7. A restraining support for changing the test loading direction of a test element according to claim 6, characterized in that said second connection (5) comprises:

the test device comprises a connecting plate (51), wherein one end of the connecting plate (51) is fixedly connected with a test member (3), the projection area of the connecting plate (51) in the axial direction of the test member (3) is larger than the projection area of the test member (3) in the axial direction of the test member, the central axis of the connecting plate (51) coincides with the central axis of the test member (3), and the connecting plate (51) is provided with a through hole (511) penetrating the test member (3) in the axial direction of the test member;

-a connecting bolt (52), said connecting bolt (52) being arranged on said first disc seat (1), a threaded section of said connecting bolt (52) extending in a direction away from said second disc seat (2), said connecting bolt (52) passing through said through hole (511);

-a nut (53), said nut (53) being connected to a threaded section of said connecting bolt (52).

8. A constraint support for changing the test loading direction of a test element according to claim 1, characterized in that the central portion of the first disc seat (1) close to one end of the second disc seat (2) is provided with a containing groove (12), the axis of the containing groove (12) coinciding with the axis of the first disc seat (1);

a cylindrical bulge (22) is arranged at one end, close to the first disc seat (1), of the second disc seat (2), and the axis of the bulge (22) coincides with the axis of the second disc seat (2);

the projection (22) is inserted into the receiving groove (12).
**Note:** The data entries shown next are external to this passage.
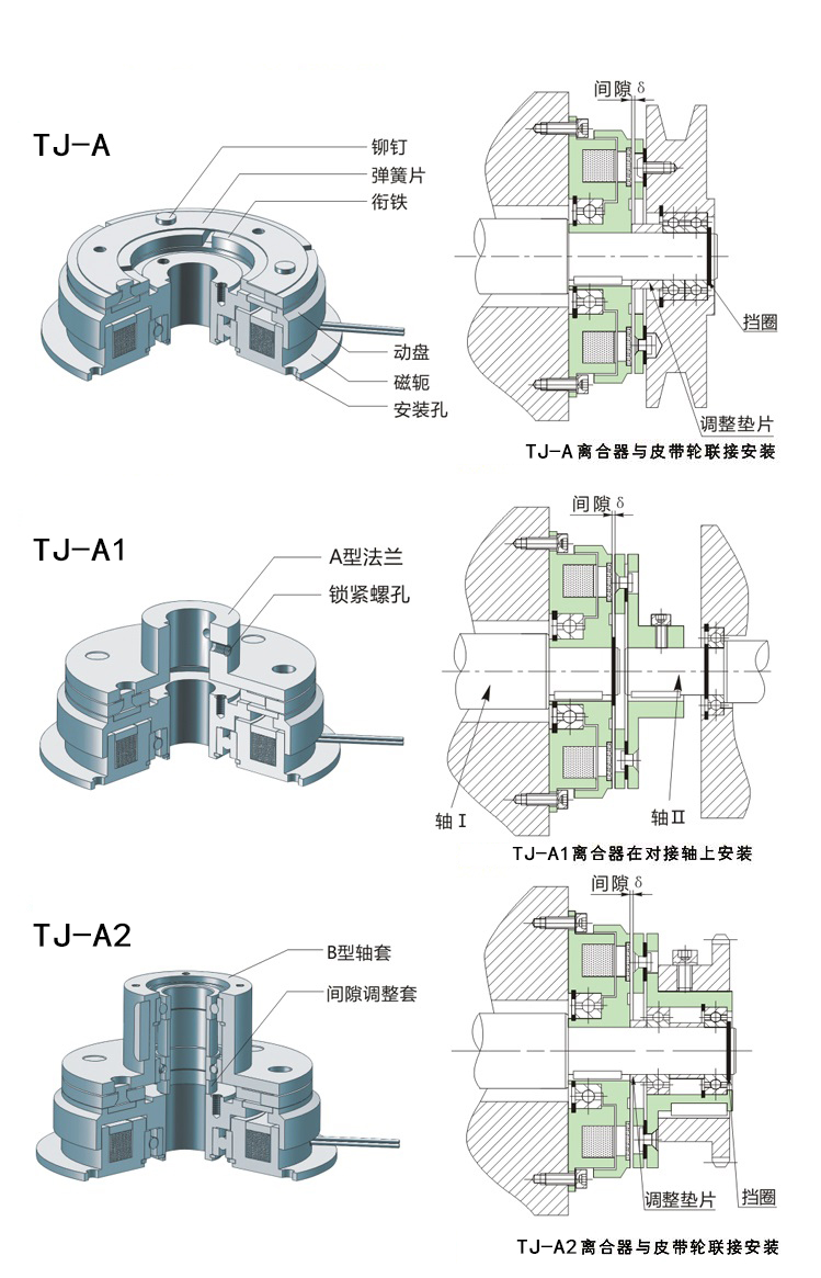 關(guān)于安裝尺寸規(guī)格參數(shù)說明,皮帶輪的尺寸規(guī)格暫時沒有,請參考TJ-A型干式單片電磁離合器。
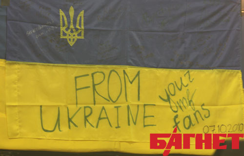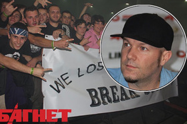 Когда в зале погас свет и раздались первые звуки, журналисты все еще оставались на улице. Но мы, собственно никуда и не спешили. Прошел час, полтора. Первая команда играла на сцене не менее 40 минут, следом за ней вышла вторая. Мы обеспокоенно спрашиваем организаторов: «Когда выступают Limp Bizkit», и слышим в ответ: «Не беспокойтесь, раньше девяти не начнут». Судя по эмоциям в зале, разогрев зрителям пришелся по душе. Но не смотря на это, в перерывах между выступлениями народ скандирует: «Limp-Biz-kit!» и ждет своих героев. Ближе к 21:00, выносят заветные разрешения на фотосъемку, которые мы получаем в обмен на заполненную бумагу. Что конкретно в этой бумаге написано, толком не знает никто – она на английском, а вчитываться и начинать переводить нет ни времени, ни особого желания. Кровью скрепить не сказали – и на том спасибо. Значит, душу продать не предлагают, а остальное – мелочи. В зале – огромное столпотворение. Счастливчики оказавшиеся впереди держат плакат с качественной напечатанной (а не написанной, как обычно чье-то дрожащей рукой), надписью. На сцене украинский двуколор, исписанный маркером. К счастью, пронационально настроенных элементов в зале не обнаружилось, иначе не избежать было бы Limp Bizkit иска в суд «за знущання з нацiонального символу Украiни», ну, или что-то в этом роде.
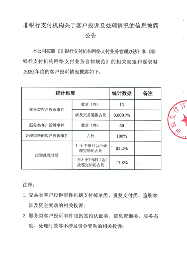 非银行支付机构关于客户投诉及处理情况的信息披露公告
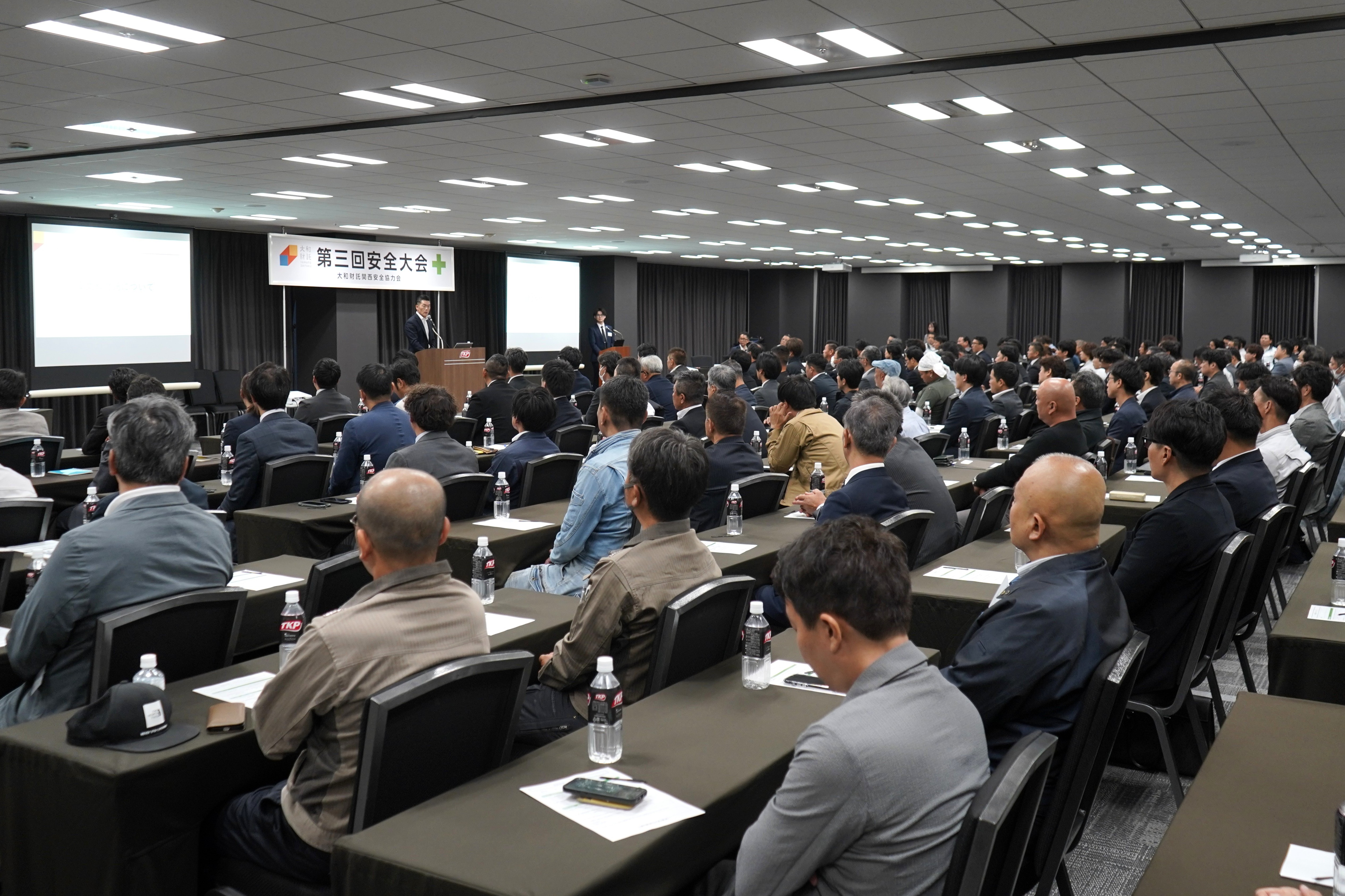 安全大会は、建築現場の作業員を事故や災害から守るため、作業員の安全や健康についての理解を深めることを目的に、協力会社関係者などを招いて開催される集会です。労働災害・交通災害を未然に防ぐために何をすべきかを考え、現場全体と作業員の安全意識を高めることを目的としています。
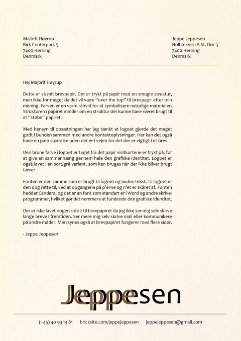 Da mit navn jo er lidt specielt ved at det er en gentagelse ville det være oplagt at bruge dette i logoet. Jeg startede med at kigge på en masse fonts, og fandt frem til en jeg næsten var tilfreds med, men dog ikke helt. Det er fonten der hedder Candara, men jeg var ikke helt tilfreds på "opgangene" der var på nogle af bogstaverne, så jeg rette fonten til og fjernede "opgangene". Denne tilrettet font brugte jeg så til at skrive mit navn med, ved at lægge Jeppe oven på Jeppesen.

9. A restraining support for changing the direction of test loading of a test element according to any one of claims 1-8, further comprising: a rotating member (6), wherein the rotating member (6) enables the first disc seat (1) to rotate relative to the second disc seat (2);

the rotating member (6) includes:

a first track (61), the first track (61) being an annular groove provided on one end of the first disc seat (1) close to the second disc seat (2);

the second track (62) is an annular groove arranged on one end, close to the first disc seat (1), of the second disc seat (2), and the second track (62) is arranged corresponding to the first track (61);

the ball (63), ball (63) are round sphere structural component, ball (63) centre gripping is between first track (61) and second track (62), ball (63) are provided with a plurality of.

10. A restraining support for changing the test loading direction of a test member according to claim 9, characterized in that the recess depth of the first track (61) and/or the second track (62) is equal to or smaller than the radial length of the balls (63).